Libya is boosting oil and gas production, attracting $20 billion in investment and forging regional ties, positioning itself as a key supplier for Europe and a leader in African energy development

TRIPOLI, Libya, January 25, 2026/APO Group/ –Libya’s energy sector is rebounding, attracting global investors and signaling a renewed commitment to production expansion, gas monetization and long-term partnerships. At the Libya Energy & Economic Summit (LEES) 2026 in Tripoli on Saturday, officials outlined a clear roadmap for growth, reform and regional collaboration.

$20 Billion Investment Pipeline

Libya’s oil production reached an average of 1.375 million barrels per day (bpd) in 2025 – the highest in years – and the government aims to reach 2 million bpd by 2030, backed by a $20 billion investment program.

“We witnessed the highest production rate in years, averaging 1.375 million bpd, which is a strong testimony to our recovery and stability,” said Minister of Oil and Gas Dr. Khalifa Abdulsadek. “We have launched a program with 15 companies, and we expect production to rise over the next five years with a $20 billion investment.”

Contract terms have been extended to 25 years, offering predictable, long-term investment conditions and aligning with global practices that support multi-decade upstream development.

Gas as a Growth Engine

Libya is prioritizing gas development to meet domestic power needs and support exports to Europe via the Greenstream pipeline. Gas production is expected to reach 700–750 million standard cubic feet per day in 2026.

“One of Libya’s greatest opportunities lies in its geographical location near one of the largest and most affluent markets in the world,” said Dr.

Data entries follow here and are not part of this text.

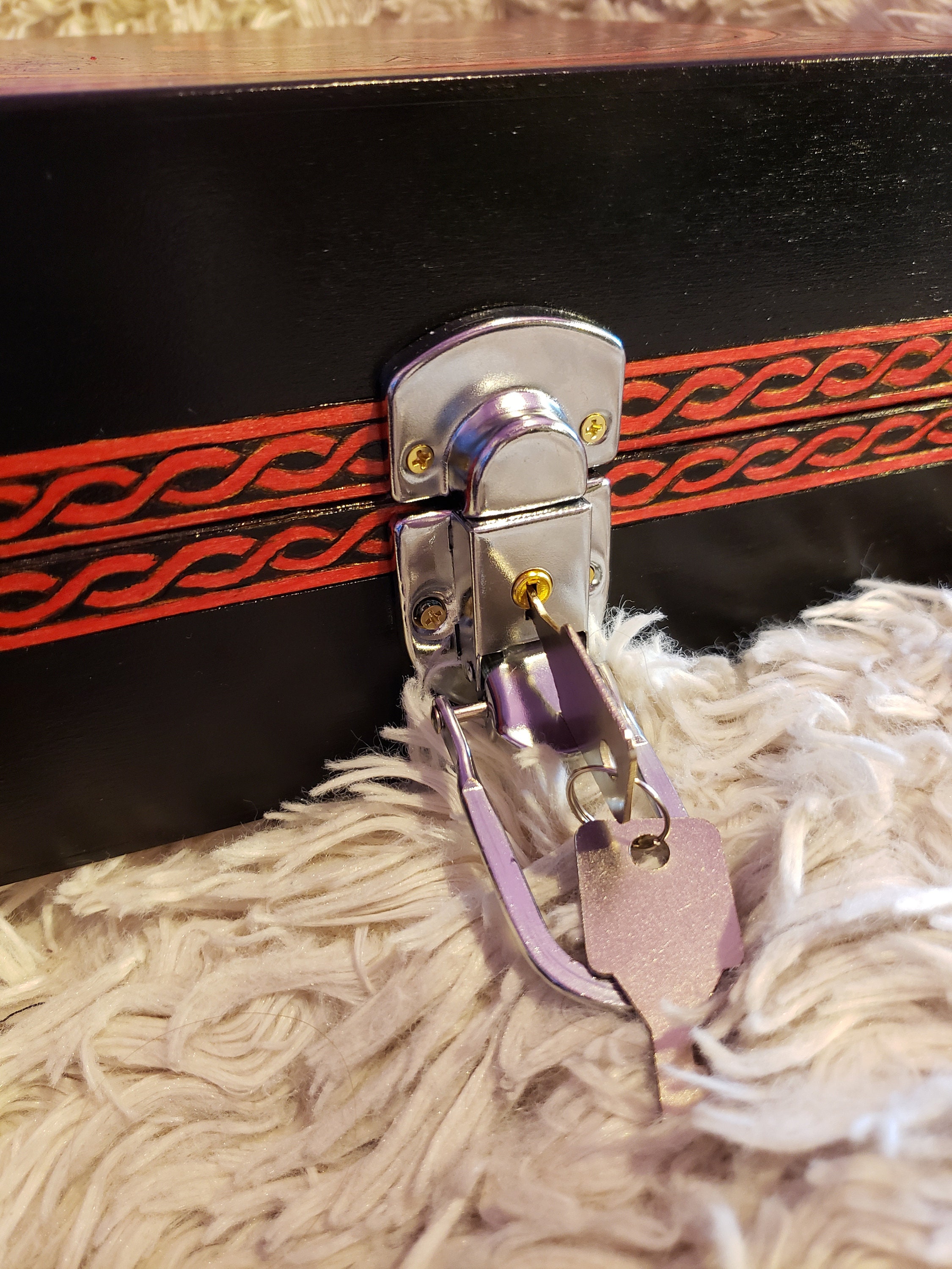 Since poplar is a semi-hard wood, I affixed a sturdy, locking clasp to the front. Two keys are included.
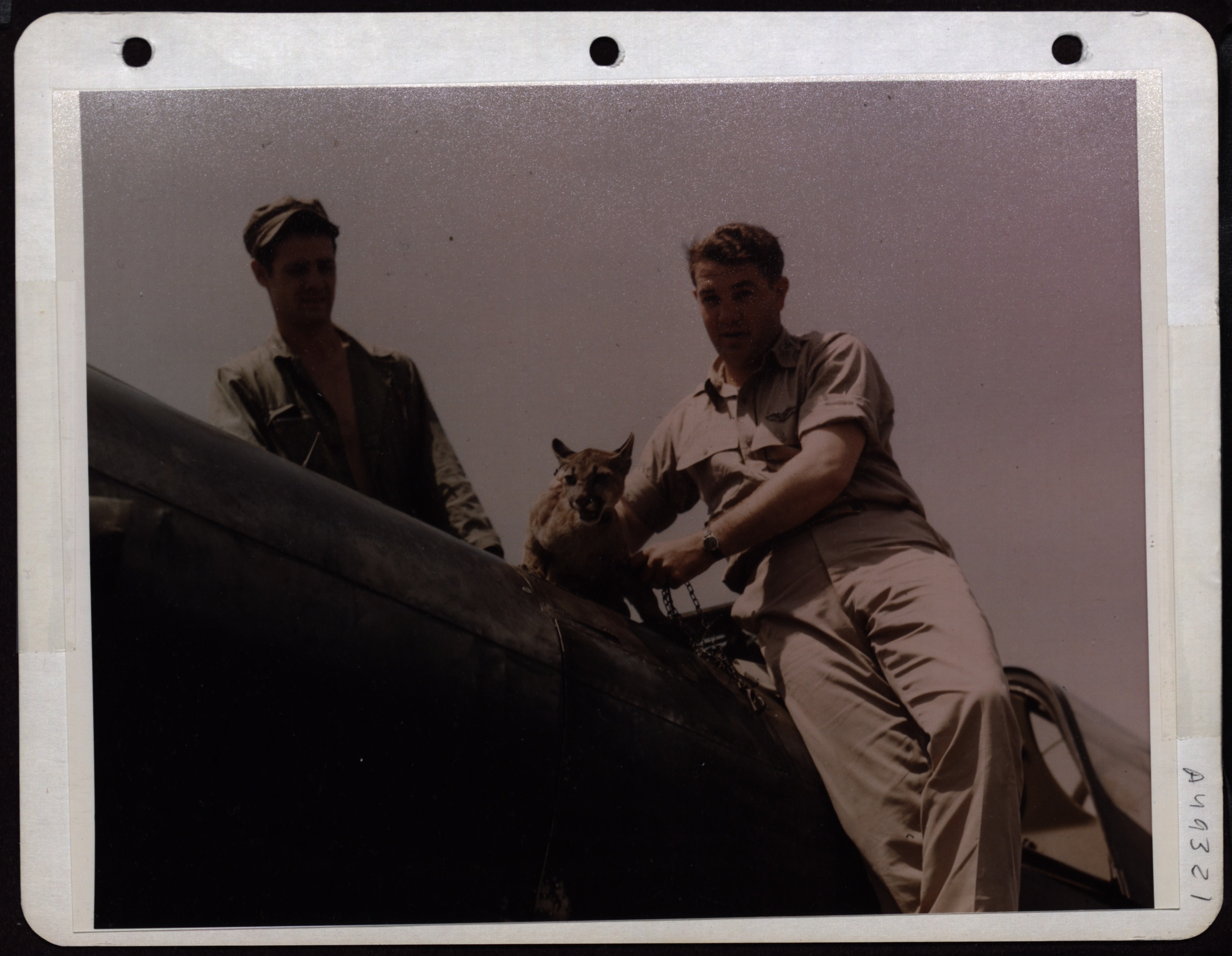 >Squadron Mascot - A Puma named Chetta with Pilot Lt. Joseph Slade and Cpl. Billy Papass standing by. Panama.
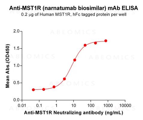 Figure 1. ELISA plate pre-coated by 2 μg/mL (100 μL/well) Human MST1R Protein, hFc Tag can bind Anti-MST1R Neutralizing antibody in a linear range of 0.73-46.88 ng/mL. In order to specifically detect BME100118, mouse anti-human Fab-specific antibody was used as detection antibody.
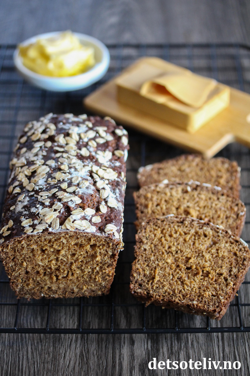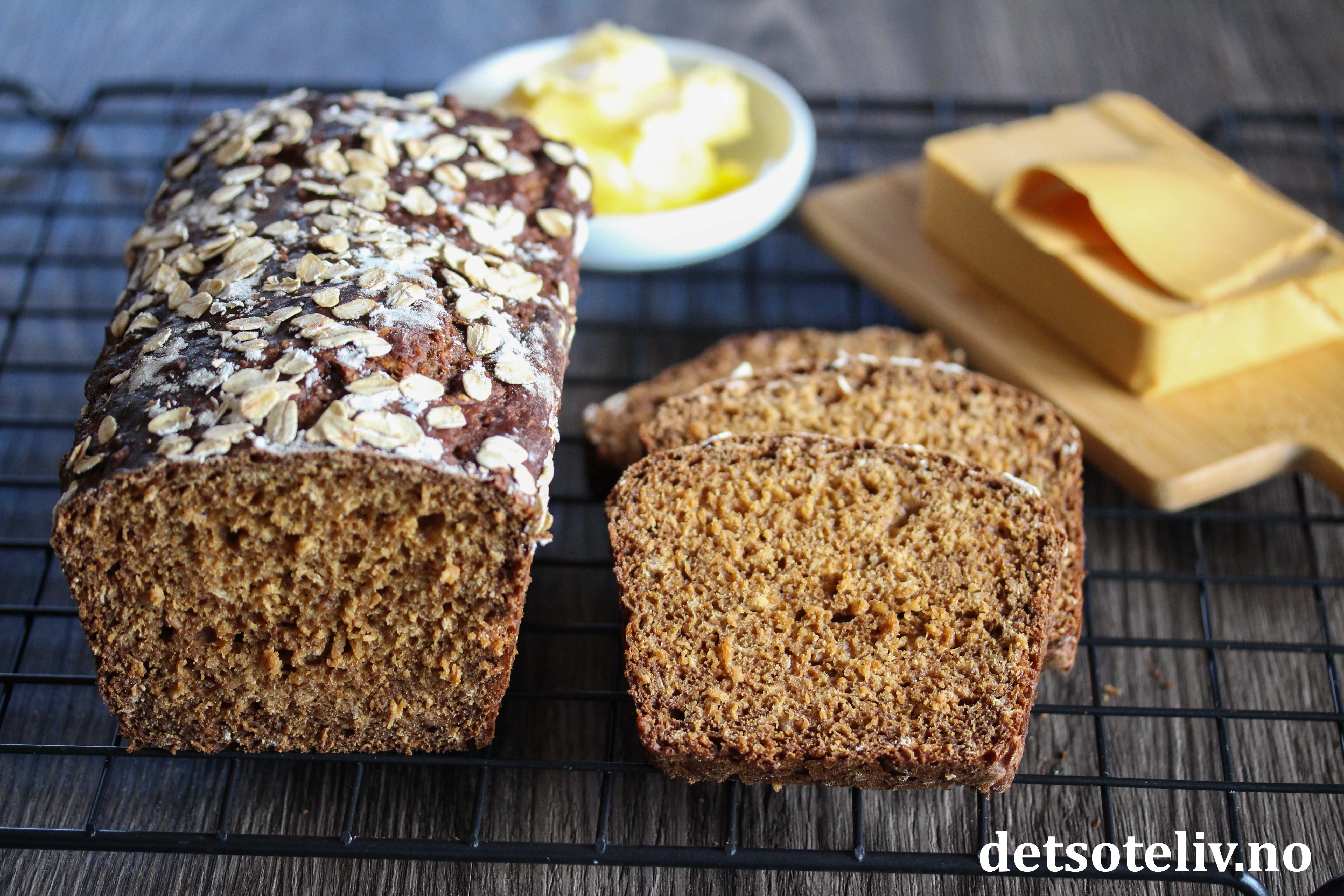 Her har jeg for eksempel laget et saftig brød med surmelk og sirup som er uten gjær.
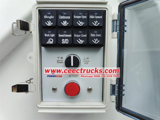 이스즈 기가 6x4 리어 로더 콤팩터 트럭은 유압 실린더로 구동되는 강력한 압축 시스템을 탑재하여 폐기물의 양을 크게 줄입니다. 캐빈에 장착된 전기 제어 박스, 운전석 유압 레버, 그리고 테일게이트에 장착된 전기/수동 제어 장치는 다양한 작동 방식을 제공합니다. 이러한 견고한 설계는 효율적인 폐기물 관리와 적재 용량을 보장하여 다양한 폐기물 수거 작업에 이상적입니다.
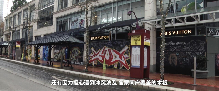 央视记者 徐德智:这里是波特兰市中心的一个购物街区,我身后的节假日彩灯已经挂在了树上,即便是白天的时候也是亮着的。但在距离抗议已经过去了几个月,距离美国总统选举也过去了几周之后,我们可以看到,很多的商家仍然用木板把橱窗和门给包裹起来。在美国每年最重要的购物季,购物的人屈指可数。
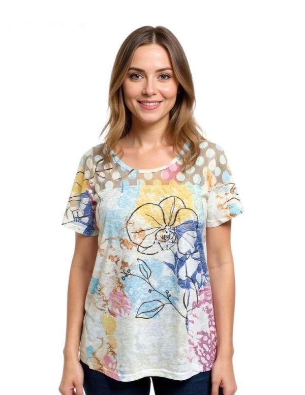 Mineral Washed Short Sleeve Top with Rib Contrast and Pocket

Philip Mshelbila, Secretary General of the Gas Exporting Countries Forum. “With 750 million standard cubic feet per day expected this year, Libya can support domestic power, industry and export through the Greenstream pipeline to Europe.”

Libya’s resurgence is a critical turning point for African energy, and it demonstrates how resource potential can be transformed into real projects, jobs, and industrial growth

Regional and Global Partnerships

Libya is deepening cooperation with Egypt to strengthen North African energy security and resilience, leveraging Egypt’s liquefaction and export capacity alongside Libya’s growing gas output.

The Africa Energy Bank, led by the African Petroleum Producers Organization (APPO) and Afreximbank and ratified by Ghana and Nigeria, aims to bridge financing gaps for capital-intensive energy infrastructure projects, including initiatives like the proposed Libya–Algeria Power Interconnector.

“What applies to Libya and its neighboring countries also applies to any African oil and gas-producing nation – cooperation on transport, joint energy projects and infrastructure development is essential,” said Farid Ghezali, Secretary General, APPO, adding, “The partnership between Libya and Egypt is a strategic move that strengthens regional energy resilience and benefits global markets.”

Libya is also drawing lessons from regional peers such as Namibia, which has built investor confidence through transparent fiscal policies, predictable royalties and strong local content programs, and from Turkey, which is partnering with Libya to expand upstream production.

“Namibia is attractive for investors due to its clear regulatory framework, stable political environment and consistent engagement with the investment community,” said Namibia’s Deputy Minister of Industries, Mines and Energy, Gaudentia Kröhne. “Policies such as a 5% royalty and 35% production allocation to the state provide predictability and help ensure local benefits and skills transfer.”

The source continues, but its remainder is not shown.